== The problem ==
Print every record exactly, omitting all pictures.
======== Records for this task ========
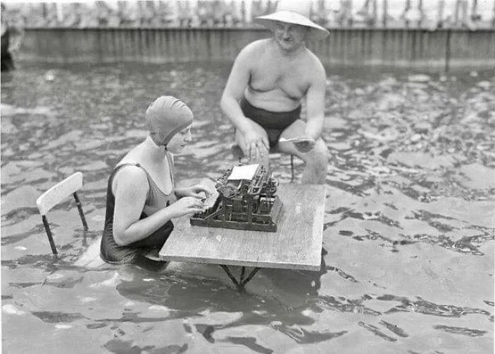 21. Немецкий предприниматель и секретарь работают в бассейне во время сильной жары. Берлин, Германия, 1926 год
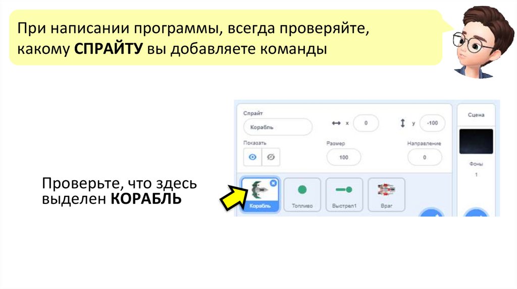 При написании программы, всегда проверяйте,какому СПРАЙТУ вы добавляете команды
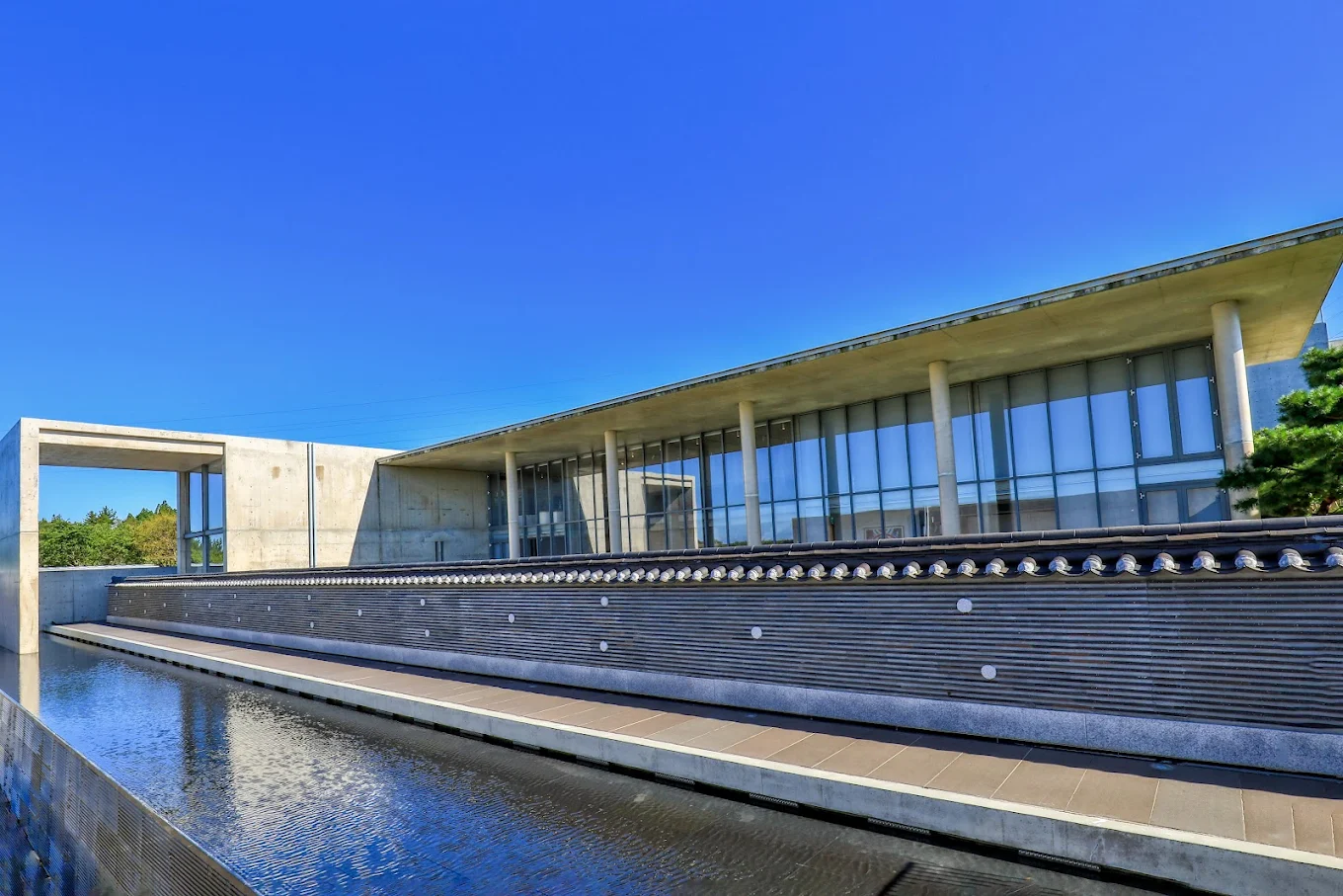 濟州島的本態博物館由安藤忠雄設計,採用他熟悉的裸露混凝土語彙。建築由5個展廳與中庭組成,整體呈現簡潔的幾何形體,動線從入口開始逐層展開,引導參觀者沿著光線與空間的節奏行進。天窗和狹長縫隙將自然光引入室內,光線沿混凝土牆面滑動,形成層次分明的光影效果;中庭與展廳之間的水景則引入流動感,柔化混凝土的冷硬感,並營造沉靜而充滿生命力的氛圍。
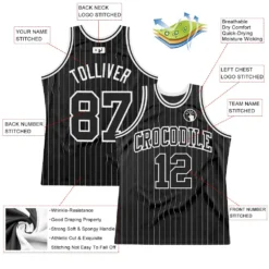 Custom Black White Pinstripe Black-White Authentic Basketball Jersey
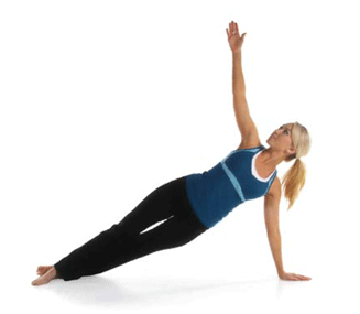 1. Get into a side plank position by lying on your side with extend your arm under shoulder and your feet stacked.
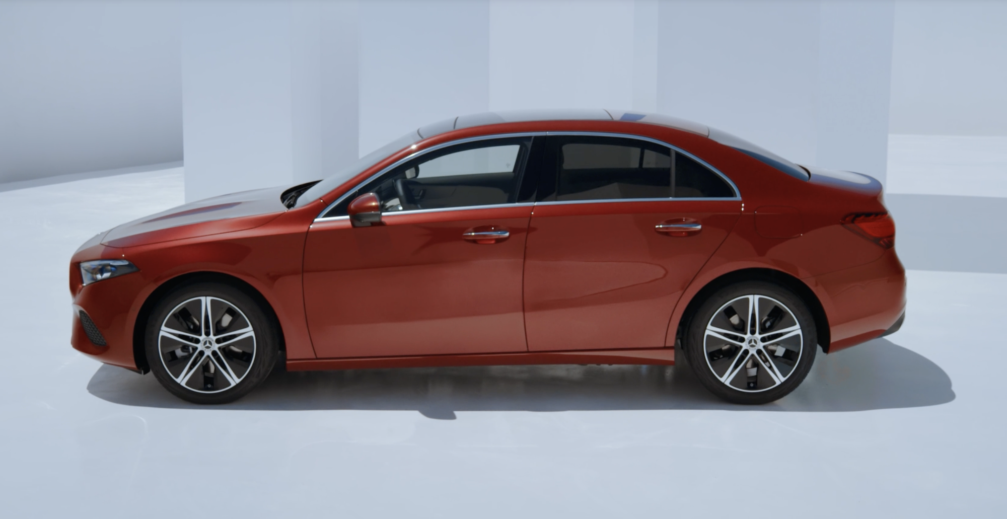 Exteriér Třídy A je charakteristický čistými liniemi a minimalistickým designem, který zdůrazňuje dynamiku vozu. Nápadné jsou i velkolepé 19palcové disky, které dodávají sedanu jemný sportovní šmrnc.
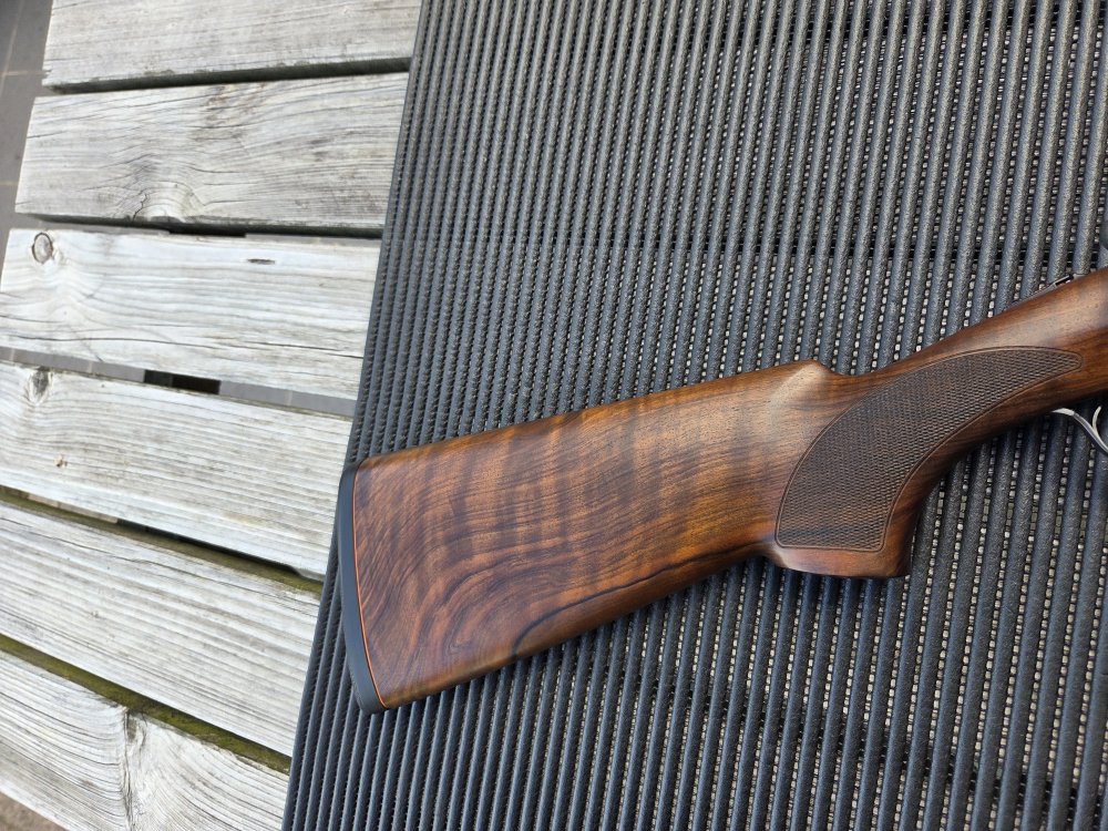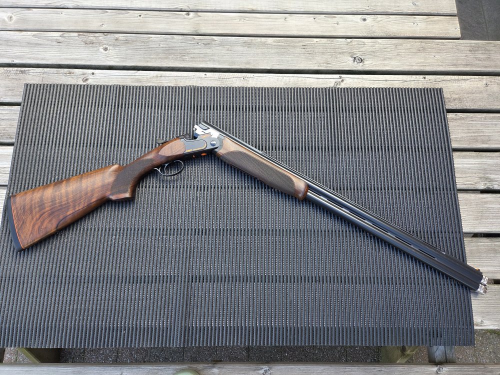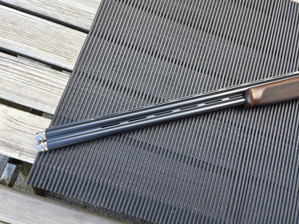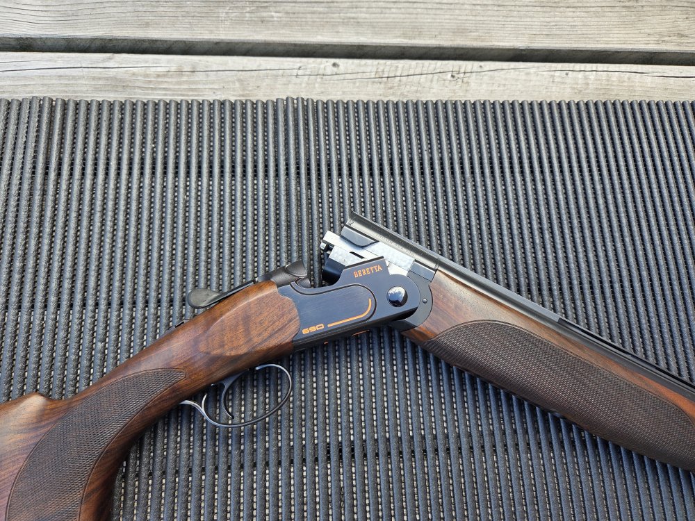 Een Beretta 690 die zich in een uitstekende staat bevindt. Bijna nieuwstaat kan ik wel zeggen want ik moest goed zoeken om maar één minuscuul licht gebruikersspoor op de Beretta te vinden en dat is bij de handpalm greep aan de kant van de trekker (zie foto).
========
== Result for this task ==
 21. Немецкий предприниматель и секретарь работают в бассейне во время сильной жары. Берлин, Германия, 1926 год
 При написании программы, всегда проверяйте,какому СПРАЙТУ вы добавляете команды
 濟州島的本態博物館由安藤忠雄設計,採用他熟悉的裸露混凝土語彙。建築由5個展廳與中庭組成,整體呈現簡潔的幾何形體,動線從入口開始逐層展開,引導參觀者沿著光線與空間的節奏行進。天窗和狹長縫隙將自然光引入室內,光線沿混凝土牆面滑動,形成層次分明的光影效果;中庭與展廳之間的水景則引入流動感,柔化混凝土的冷硬感,並營造沉靜而充滿生命力的氛圍。
 Custom Black White Pinstripe Black-White Authentic Basketball Jersey
 1. Get into a side plank position by lying on your side with extend your arm under shoulder and your feet stacked.
 Exteriér Třídy A je charakteristický čistými liniemi a minimalistickým designem, který zdůrazňuje dynamiku vozu. Nápadné jsou i velkolepé 19palcové disky, které dodávají sedanu jemný sportovní šmrnc.
 Een Beretta 690 die zich in een uitstekende staat bevindt. Bijna nieuwstaat kan ik wel zeggen want ik moest goed zoeken om maar één minuscuul licht gebruikersspoor op de Beretta te vinden en dat is bij de handpalm greep aan de kant van de trekker (zie foto).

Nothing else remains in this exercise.